_Exercise materials_
_ _ _ _ _
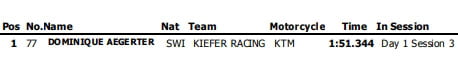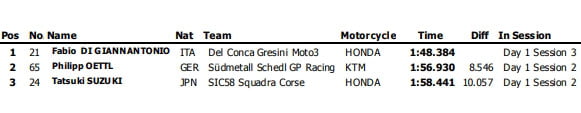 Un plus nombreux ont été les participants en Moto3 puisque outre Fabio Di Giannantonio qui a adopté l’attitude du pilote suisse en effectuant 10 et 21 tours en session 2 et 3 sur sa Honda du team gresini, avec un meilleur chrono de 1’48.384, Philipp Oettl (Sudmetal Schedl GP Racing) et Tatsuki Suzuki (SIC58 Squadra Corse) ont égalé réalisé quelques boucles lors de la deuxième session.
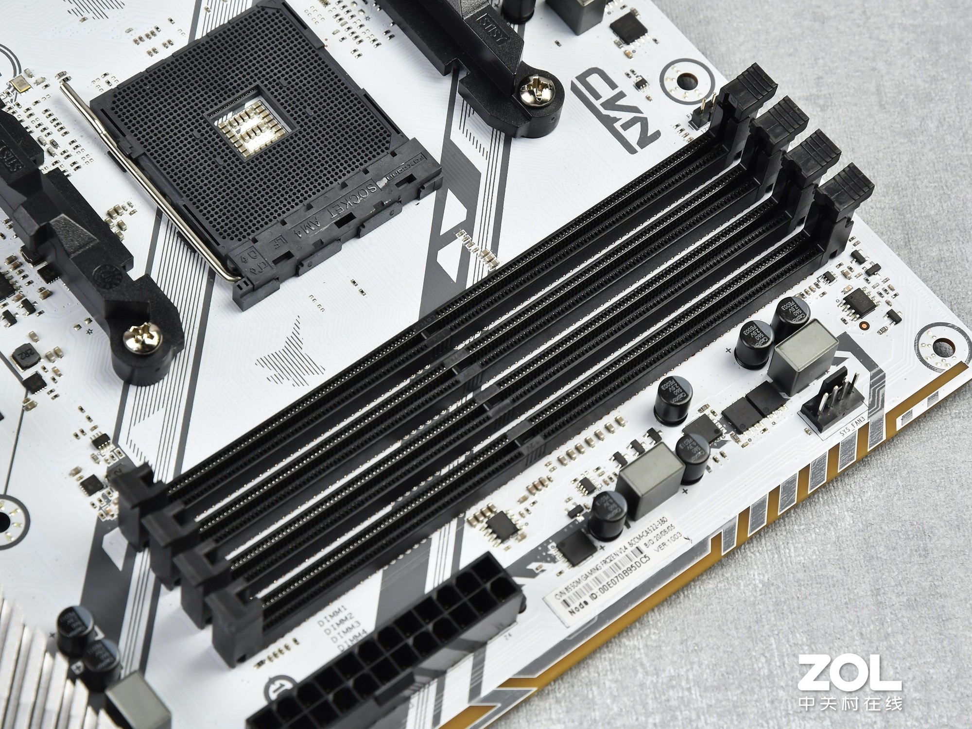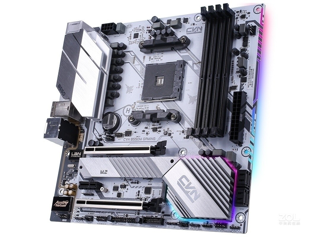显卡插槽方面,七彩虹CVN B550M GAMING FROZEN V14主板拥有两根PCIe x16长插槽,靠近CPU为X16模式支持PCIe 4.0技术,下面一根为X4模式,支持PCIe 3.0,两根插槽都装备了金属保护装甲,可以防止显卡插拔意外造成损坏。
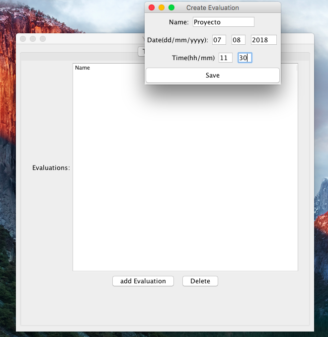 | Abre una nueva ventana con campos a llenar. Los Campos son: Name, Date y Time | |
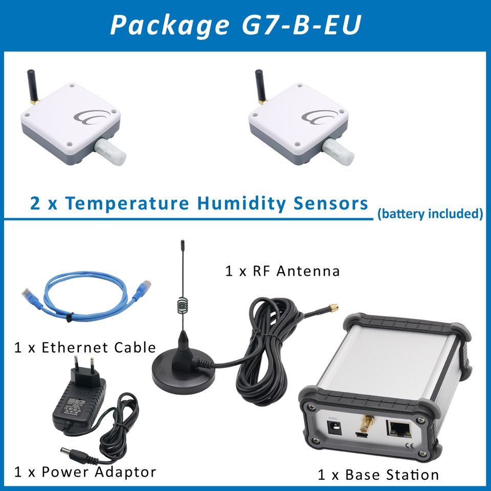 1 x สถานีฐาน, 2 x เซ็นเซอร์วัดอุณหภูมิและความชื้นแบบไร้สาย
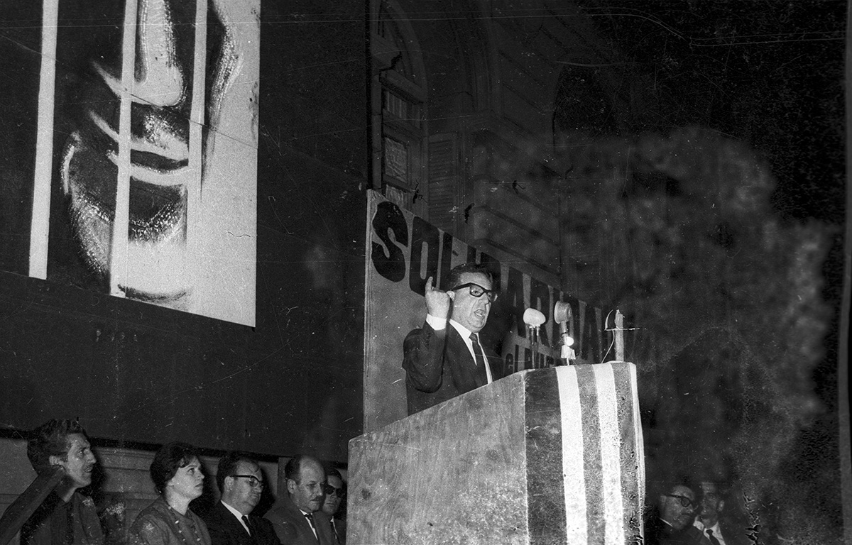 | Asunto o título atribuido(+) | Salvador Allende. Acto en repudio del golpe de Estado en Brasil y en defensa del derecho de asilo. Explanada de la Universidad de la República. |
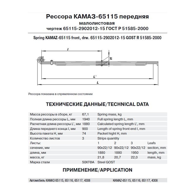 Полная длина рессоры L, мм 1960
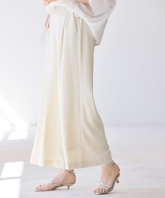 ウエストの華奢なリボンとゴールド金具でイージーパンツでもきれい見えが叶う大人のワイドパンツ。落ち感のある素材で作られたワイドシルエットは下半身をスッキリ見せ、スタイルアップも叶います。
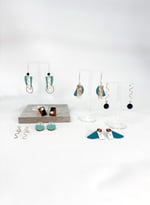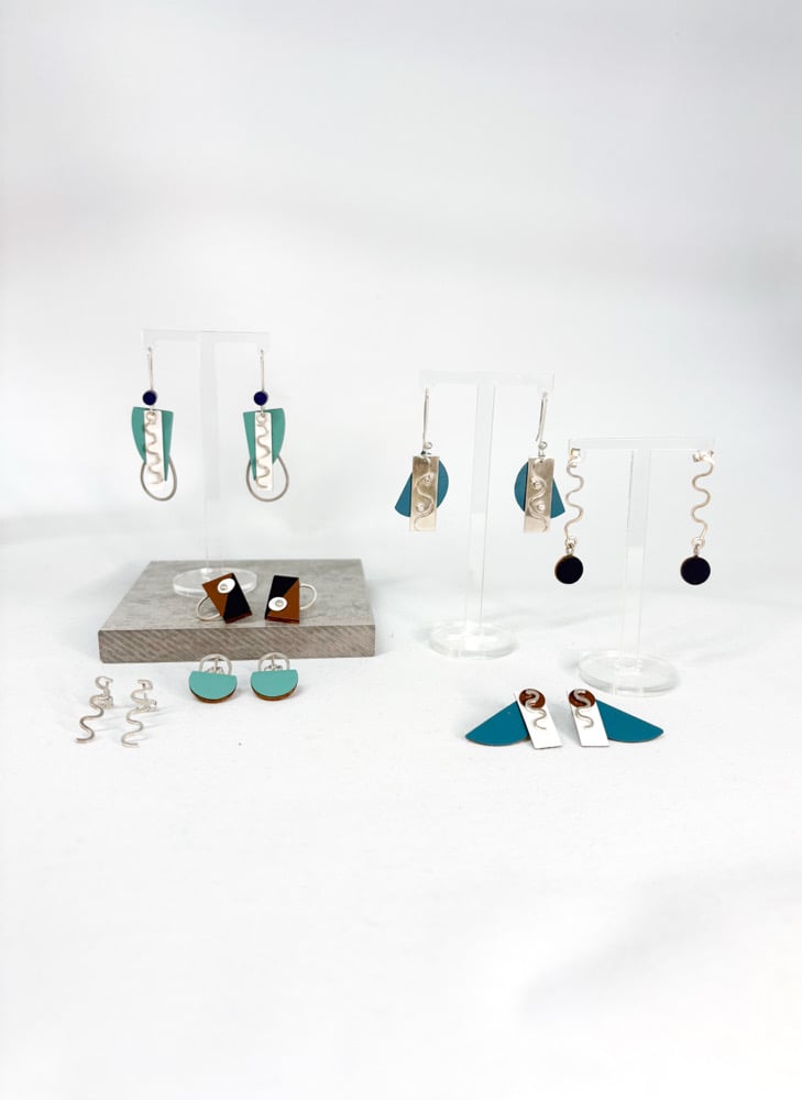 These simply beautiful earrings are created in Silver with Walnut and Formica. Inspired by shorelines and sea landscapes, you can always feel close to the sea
_ _ _ _ _
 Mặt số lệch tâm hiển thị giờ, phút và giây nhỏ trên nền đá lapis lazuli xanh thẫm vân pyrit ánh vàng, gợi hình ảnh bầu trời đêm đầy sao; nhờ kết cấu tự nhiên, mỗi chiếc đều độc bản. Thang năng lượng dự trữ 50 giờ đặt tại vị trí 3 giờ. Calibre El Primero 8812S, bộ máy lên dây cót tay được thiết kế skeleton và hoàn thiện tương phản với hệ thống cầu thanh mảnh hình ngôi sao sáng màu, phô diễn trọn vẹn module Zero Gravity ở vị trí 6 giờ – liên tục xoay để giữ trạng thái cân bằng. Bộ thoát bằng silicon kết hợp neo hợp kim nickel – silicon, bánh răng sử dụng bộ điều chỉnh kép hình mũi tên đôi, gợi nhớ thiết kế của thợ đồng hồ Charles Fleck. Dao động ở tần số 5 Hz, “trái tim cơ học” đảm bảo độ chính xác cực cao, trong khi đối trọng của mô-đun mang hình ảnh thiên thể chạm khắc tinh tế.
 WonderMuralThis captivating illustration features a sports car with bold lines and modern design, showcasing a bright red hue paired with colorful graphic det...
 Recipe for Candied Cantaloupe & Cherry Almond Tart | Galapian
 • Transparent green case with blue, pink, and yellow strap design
_ _ _ _ _
_To do_
Out of the records above, set down only the lines from the one that contains "Un plus nombreux" through the one that contains "显卡插槽方面,七彩虹CVN B550M GAMING", unchanged and without the pictures.

_Exercise solution_
 Un plus nombreux ont été les participants en Moto3 puisque outre Fabio Di Giannantonio qui a adopté l’attitude du pilote suisse en effectuant 10 et 21 tours en session 2 et 3 sur sa Honda du team gresini, avec un meilleur chrono de 1’48.384, Philipp Oettl (Sudmetal Schedl GP Racing) et Tatsuki Suzuki (SIC58 Squadra Corse) ont égalé réalisé quelques boucles lors de la deuxième session.
显卡插槽方面,七彩虹CVN B550M GAMING FROZEN V14主板拥有两根PCIe x16长插槽,靠近CPU为X16模式支持PCIe 4.0技术,下面一根为X4模式,支持PCIe 3.0,两根插槽都装备了金属保护装甲,可以防止显卡插拔意外造成损坏。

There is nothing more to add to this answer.